The work of Joncquil is hard to describe. It depicts situations and characteristics from the world we know, but its effect tends to be alienating than rather familiar.
He himself says about his paintings: "Something extraordinary usually happens outside our field of vision. I am amazed at the reality we hardly register and I tell an everyday story. I paint the moment between question and answer. I regard the subjects as a collection of surfaces, planes, lines, colors and angles that together assume a recognizable form and give meaning. I register and reconsider their value and necessity, (re) construct those areas of light and darkness in an attempt to represent the moment where shapes get their contents".
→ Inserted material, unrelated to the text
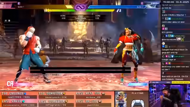 02:58:45Während des Street Fighter-Streams stößt der Streamer im Trainingsmodus auf eine besondere Musik. Es handelt sich um einen deutschen Rap-Song des Charakters Ed. Der Streamer ist begeistert von diesem Song und möchte unbedingt, dass während seiner Sagat-Kämpfe dieser spezifische Soundtrack läuft. Er versucht, die Musik einzustellen, indem er den Namen des Songs herausfindet, um die Stimmung im Training perfekt zu gestalten.

The paintings look like the physical result of a search for everyday situations that have the ability to reveal a universal truth. A way to make the invisible visible and the daily eternal. The end result is not an accomplished fact, but leaves the interpretation to the viewer.
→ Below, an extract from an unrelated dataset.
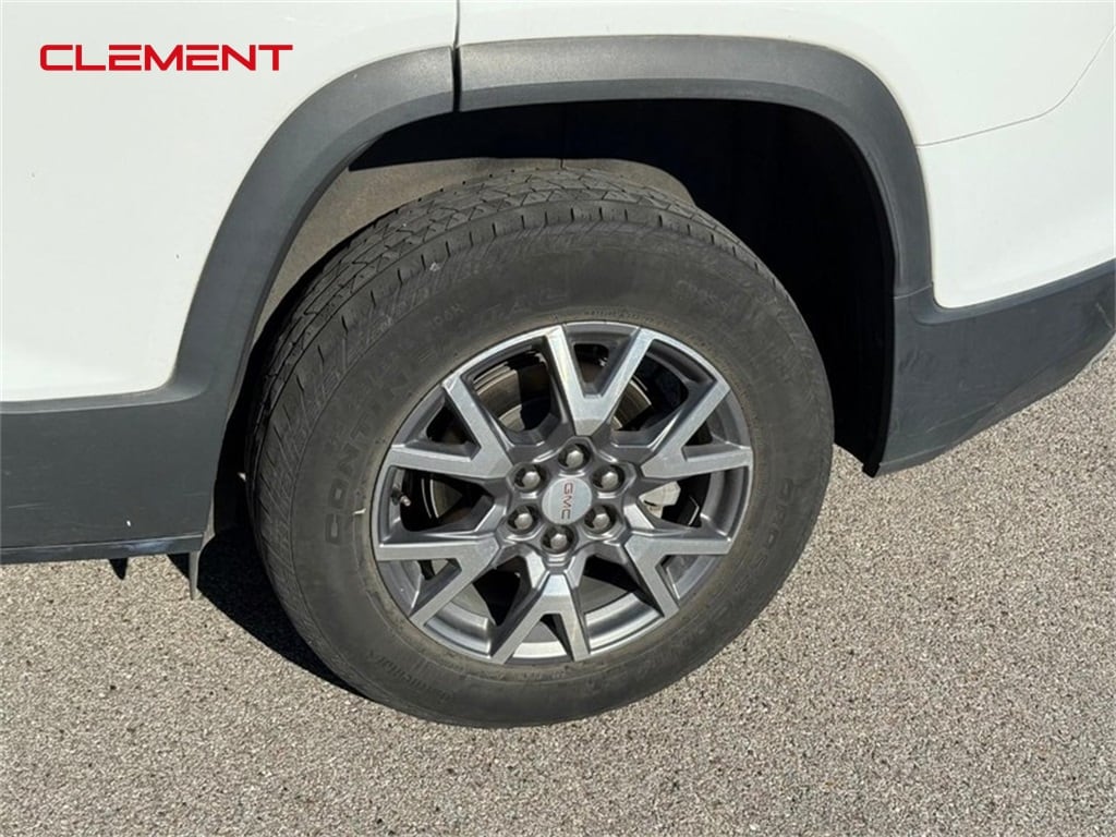 This Acadia is well equipped with Preferred Equipment Group 4SA, Clement Assurance Certified, FWD, Jet Black Leather, 18" Aluminum Wheels, 3.47 Final Drive Axle Ratio, 3rd row seats: split-bench, 4-Way Manual Passenger Seat Adjuster, 4-Wheel Disc Brakes, 6-Passenger (2-2-2 Seating Configuration), 7-Passenger (2-3-2 Seating Configuration), 8 Speakers, 8-Way Power Driver Seat Adjuster, ABS brakes, Air Conditioning, Alloy wheels, AM/FM radio: SiriusXM with 360L, Apple CarPlay/Android Auto, Auto High-beam Headlights, Auto-dimming Rear-View mirror, Automatic temperature control, Bose Premium 8-Speaker Audio System Feature, Brake assist, Bumpers: body-color, Compass, Delay-off headlights, Driver door bin, Driver vanity mirror, Dual front impact airbags, Dual front side impact airbags, Electronic Stability Control, Emergency communication system: OnStar and GMC connected services capable, Four wheel independent suspension, Front anti-roll bar, Front Bucket Seats, Front Center Armrest, Front dual zone A/C, Front fog lights, Front License Plate Bracket, Front reading lights, Fully automatic headlights, Garage door transmitter, Heated door mirrors, Heated Driver & Front Passenger Seats, Heated front seats, Illuminated entry, Knee airbag, Low tire pressure warning, Navigation System, Occupant sensing airbag, Outside temperature display, Overhead airbag, Overhead console, Panic alarm, Passenger door bin, Passenger vanity mirror, Perforated Leather-Appointed Seat Trim, Power door mirrors, Power Driver Lumbar Control Seat Adjuster, Power driver seat, Power Liftgate, Power steering, Power windows, Radio data system, Radio: AM/FM 8" Diagonal Multi-Touch Navigation, Rear air conditioning, Rear anti-roll bar, Rear reading lights, Rear window defroster, Rear window wiper, Remote keyless entry, Security system, SiriusXM w/360L, Speed control, Speed-sensing steering, Spoiler, Steering wheel mounted audio controls, Tachometer, Telescoping steering wheel, Tilt steering wheel, Traction control, Trip computer, Turn signal indicator mirrors, Variably intermittent wipers, Voltmeter, and Wireless Apple CarPlay/Wireless Android Auto.

The search is expressed not only in the choice of subjects, but also in the choice of technology. From an early age, the artist was inspired by photography, in particular by the chemical processes in the dark room.
The influence of this is still evident in the almost cinematic light that hangs over the paintings. This convergence of color spectra seems to form a self-contained palette that strengthens the oscillation of form and meaning in the paintings.
Just as many painters embraced photography at the beginning of the 20th century in an attempt to capture reality, to duplicate and to equal it, Joncquil chooses painting for the truth in himself and with his paintings to reveal the reality in us. explain.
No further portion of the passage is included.